Moussaoui's father lived in a psychiatric hospital in France "too sedated to be interviewed," Vogelsang said. Nadia "believes that she turns to stone and is unable to move," she said adding that Jamilla had tried to set her mother's house on fire. Again CNN could not independently verify these statements.
In May 2006 jurors sentenced Moussaoui to life in prison. He is serving his sentence at the "supermax" correctional facility in Colorado. Although Moussaoui later claimed he lied on the stand, he screamed at jurors as he left court after sentencing: "You'll never get my blood. God curse you all."
Meetings with relatives
El-Wafi is convinced such outbursts were her son's undoing. "He was convicted of what he said in the trial -- 'death to the Jews, death to the Americans' -- but there was nothing else to hold him to. He was convicted unfairly but if he had money he'd have been able to defend himself better."
Since the trial el-Wafi, 64, has written to her son but received no response. "I told him that I love him, that I think of him, that half of me is buried with him. And even if he does not answer me, I still love him.
"And since the end of the trial, there are no more lawyers, there is no one. I do not know what has happened to my son. I asked the prison if my son did not want to have any more dealings with his mother ... I have not had a reply."
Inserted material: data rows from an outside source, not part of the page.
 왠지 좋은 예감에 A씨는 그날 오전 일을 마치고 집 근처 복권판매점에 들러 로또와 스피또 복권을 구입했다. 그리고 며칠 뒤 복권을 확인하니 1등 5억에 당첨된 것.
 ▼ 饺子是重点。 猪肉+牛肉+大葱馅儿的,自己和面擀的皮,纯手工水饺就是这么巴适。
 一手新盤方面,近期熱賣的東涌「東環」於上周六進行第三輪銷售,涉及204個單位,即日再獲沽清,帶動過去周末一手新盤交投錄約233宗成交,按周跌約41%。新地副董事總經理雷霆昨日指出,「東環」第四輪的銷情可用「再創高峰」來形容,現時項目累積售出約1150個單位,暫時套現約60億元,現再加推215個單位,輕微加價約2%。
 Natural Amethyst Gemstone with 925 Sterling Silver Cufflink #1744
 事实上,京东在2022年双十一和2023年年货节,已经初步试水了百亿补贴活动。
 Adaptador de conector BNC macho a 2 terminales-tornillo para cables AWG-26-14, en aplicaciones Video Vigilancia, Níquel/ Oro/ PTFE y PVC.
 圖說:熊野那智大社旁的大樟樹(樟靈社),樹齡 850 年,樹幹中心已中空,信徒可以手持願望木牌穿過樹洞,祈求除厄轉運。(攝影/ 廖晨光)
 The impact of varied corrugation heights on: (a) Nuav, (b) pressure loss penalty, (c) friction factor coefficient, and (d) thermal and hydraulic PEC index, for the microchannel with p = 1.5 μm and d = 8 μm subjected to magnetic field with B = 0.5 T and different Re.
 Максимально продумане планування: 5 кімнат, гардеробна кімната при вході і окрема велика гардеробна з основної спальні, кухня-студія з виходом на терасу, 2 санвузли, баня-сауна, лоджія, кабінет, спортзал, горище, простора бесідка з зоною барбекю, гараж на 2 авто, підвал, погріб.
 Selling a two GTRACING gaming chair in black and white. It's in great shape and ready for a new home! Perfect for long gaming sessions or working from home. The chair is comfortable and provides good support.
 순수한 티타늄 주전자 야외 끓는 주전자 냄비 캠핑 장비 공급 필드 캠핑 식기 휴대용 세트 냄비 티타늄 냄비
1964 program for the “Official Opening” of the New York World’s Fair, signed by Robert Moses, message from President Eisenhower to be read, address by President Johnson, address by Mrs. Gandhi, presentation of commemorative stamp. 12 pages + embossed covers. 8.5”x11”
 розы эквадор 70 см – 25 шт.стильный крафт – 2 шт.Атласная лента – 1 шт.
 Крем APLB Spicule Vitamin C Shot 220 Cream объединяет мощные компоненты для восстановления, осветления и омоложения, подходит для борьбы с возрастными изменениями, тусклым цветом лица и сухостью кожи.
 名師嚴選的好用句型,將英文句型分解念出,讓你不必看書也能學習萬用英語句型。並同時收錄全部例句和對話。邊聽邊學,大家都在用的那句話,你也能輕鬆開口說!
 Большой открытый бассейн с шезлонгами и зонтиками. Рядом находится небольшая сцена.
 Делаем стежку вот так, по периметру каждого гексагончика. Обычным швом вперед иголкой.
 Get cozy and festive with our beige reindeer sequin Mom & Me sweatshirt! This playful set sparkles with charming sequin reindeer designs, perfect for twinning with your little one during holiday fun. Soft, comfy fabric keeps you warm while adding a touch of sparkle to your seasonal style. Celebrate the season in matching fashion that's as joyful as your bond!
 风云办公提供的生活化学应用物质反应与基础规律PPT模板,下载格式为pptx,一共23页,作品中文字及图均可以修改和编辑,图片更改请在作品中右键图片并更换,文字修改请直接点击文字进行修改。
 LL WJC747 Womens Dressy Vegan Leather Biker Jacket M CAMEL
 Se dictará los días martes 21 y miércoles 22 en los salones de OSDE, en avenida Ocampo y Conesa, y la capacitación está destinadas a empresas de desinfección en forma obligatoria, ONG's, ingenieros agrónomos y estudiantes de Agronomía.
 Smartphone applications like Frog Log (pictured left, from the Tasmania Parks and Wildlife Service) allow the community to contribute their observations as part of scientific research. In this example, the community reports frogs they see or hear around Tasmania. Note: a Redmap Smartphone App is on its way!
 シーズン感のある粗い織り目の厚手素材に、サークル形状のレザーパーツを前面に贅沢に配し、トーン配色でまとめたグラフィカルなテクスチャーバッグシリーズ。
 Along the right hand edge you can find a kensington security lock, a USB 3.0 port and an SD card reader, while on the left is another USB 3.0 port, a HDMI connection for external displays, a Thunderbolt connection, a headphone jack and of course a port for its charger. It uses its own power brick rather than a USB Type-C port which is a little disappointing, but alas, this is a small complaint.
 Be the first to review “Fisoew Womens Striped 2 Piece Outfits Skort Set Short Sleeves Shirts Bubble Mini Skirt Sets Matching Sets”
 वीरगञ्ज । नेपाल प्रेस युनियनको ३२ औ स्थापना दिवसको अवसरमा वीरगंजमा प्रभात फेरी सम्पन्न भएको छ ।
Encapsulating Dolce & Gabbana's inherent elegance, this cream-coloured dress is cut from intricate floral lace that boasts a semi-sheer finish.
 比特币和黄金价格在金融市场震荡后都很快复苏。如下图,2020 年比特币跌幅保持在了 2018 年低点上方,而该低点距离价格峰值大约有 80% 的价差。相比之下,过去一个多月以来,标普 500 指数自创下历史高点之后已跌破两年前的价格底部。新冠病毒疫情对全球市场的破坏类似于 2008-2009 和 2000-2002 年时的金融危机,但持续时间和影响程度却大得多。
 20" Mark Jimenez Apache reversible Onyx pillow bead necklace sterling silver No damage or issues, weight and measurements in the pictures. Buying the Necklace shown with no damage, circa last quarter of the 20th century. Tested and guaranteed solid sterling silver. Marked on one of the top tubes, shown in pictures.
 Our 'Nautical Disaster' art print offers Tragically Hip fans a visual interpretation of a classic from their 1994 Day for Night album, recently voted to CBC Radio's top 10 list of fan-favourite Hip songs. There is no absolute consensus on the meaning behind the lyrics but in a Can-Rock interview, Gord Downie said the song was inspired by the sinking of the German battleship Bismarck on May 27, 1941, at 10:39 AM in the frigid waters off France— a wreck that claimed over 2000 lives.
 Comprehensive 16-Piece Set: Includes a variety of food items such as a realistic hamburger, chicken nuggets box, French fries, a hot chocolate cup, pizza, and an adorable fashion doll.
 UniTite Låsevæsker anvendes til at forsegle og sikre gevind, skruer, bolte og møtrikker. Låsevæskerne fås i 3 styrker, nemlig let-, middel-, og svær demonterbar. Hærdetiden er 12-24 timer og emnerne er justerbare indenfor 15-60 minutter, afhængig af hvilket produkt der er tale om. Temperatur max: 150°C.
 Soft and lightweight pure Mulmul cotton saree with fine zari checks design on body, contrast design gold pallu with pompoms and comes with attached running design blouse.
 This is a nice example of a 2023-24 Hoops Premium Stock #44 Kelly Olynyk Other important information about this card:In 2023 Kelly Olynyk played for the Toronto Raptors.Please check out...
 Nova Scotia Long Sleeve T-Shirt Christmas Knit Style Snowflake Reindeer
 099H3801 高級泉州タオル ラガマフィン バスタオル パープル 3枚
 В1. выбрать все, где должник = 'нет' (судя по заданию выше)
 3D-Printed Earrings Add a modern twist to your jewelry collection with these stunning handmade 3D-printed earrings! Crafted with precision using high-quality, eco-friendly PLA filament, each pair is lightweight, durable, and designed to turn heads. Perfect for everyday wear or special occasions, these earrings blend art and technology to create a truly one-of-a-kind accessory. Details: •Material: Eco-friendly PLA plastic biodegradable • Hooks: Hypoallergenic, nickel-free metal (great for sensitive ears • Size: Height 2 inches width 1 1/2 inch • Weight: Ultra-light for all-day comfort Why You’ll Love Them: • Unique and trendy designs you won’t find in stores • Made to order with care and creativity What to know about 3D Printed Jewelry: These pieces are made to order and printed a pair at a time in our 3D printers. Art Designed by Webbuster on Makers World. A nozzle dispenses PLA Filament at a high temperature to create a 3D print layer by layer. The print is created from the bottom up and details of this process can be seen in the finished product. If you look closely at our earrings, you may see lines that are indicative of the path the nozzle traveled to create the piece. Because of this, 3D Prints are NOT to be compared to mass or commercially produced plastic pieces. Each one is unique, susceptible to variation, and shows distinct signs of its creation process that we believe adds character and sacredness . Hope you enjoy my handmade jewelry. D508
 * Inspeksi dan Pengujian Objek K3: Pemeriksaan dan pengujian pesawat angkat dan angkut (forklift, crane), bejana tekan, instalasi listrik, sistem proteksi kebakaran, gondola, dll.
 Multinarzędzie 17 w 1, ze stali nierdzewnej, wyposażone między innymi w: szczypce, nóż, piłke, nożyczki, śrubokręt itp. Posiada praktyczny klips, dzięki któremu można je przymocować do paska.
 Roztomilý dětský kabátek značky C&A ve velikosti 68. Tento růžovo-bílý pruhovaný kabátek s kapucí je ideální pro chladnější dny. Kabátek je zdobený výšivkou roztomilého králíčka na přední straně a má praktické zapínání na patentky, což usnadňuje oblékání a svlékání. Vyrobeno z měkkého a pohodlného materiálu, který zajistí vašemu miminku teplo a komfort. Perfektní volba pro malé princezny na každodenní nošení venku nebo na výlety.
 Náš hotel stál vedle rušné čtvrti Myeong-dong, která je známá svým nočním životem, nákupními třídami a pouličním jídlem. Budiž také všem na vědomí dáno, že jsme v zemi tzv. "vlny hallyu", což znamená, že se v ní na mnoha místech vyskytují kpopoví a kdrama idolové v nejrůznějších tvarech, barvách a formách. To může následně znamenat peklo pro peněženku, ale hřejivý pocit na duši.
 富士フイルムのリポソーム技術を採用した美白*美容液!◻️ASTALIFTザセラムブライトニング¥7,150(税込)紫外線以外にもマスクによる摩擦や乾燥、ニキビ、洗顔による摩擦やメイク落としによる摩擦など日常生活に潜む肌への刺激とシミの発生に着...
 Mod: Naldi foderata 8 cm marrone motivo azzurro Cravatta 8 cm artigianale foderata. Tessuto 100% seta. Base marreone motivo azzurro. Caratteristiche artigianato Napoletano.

Before the trial el-Wafi said her son told her: "Mum, they want my head; there is no need for you to cry. Mum, if you love me, you must look after yourself."
Tearfully, she explained how thoughts of the 2001 attacks and her son haunted her. "It is just too much of a price to pay, believe me, because my life since September 11 is hell. I really would like to forget it for a few hours. He prevents me from sleeping; he is still in my thoughts."
My life since September 11 is hell. I really would like to forget it for a few hours. He prevents me from sleeping; he is still in my thoughts.
--Aicha el-Wafi

In the wake of 9/11, el-Wafi, who still lives in Narbonne, approached victims' relatives to request a meeting. She said she wanted to "show them that I am not in agreement with what happened. I share their pain."
One of those she met in the U.S. in November 2002 was New Yorker Phyllis Rodriguez, who lost her 31-year-old son Greg in the World Trade Center and was speaking out against the war in Afghanistan as well as the draconian USA Patriot Act. The two women formed a bond and began to work with the Forgiveness Project, among other organizations, in a bid to promote reconciliation.
In December 2010 Rodriguez described that meeting at a TED conference, organized by the non-profit Sapling Foundation. Rodriguez recalled how she and other mothers realized how much they had in common with el-Wafi. Despite their nervousness at meeting the mother of an alleged plotter it was a great success. "I got sympathy after the tragedy, but Aicha's suffering is equal to mine," she said.
On her organization's website, Rodriguez has written of her admiration for el-Wafi. "The day I met Aicha was the day that changed my life because it changed my direction emotionally. It was the beginning of my learning that someone like Aicha, who has suffered so much, could still be emotionally generous. It brought out the generosity in me and I felt better for it.
"Meeting Aicha gave me strength and took away my anger and bitterness. It has also helped me to forgive myself, because a mother always feels guilty when things don't go right for her children."
Rodriguez said she also believed Moussaoui was the victim of a miscarriage of justice. "Zacarias is an admitted member of al Qaeda, but there's no evidence that he knew anything about the attacks on the World Trade Center. He pleaded guilty either because he felt it would get him more humane conditions of confinement or because he was in no fit state to make any rational decisions.
"When I watched Zacarias at the trial my heart was broken because I could not look at him as a stranger. I saw him as the son of my friend Aicha."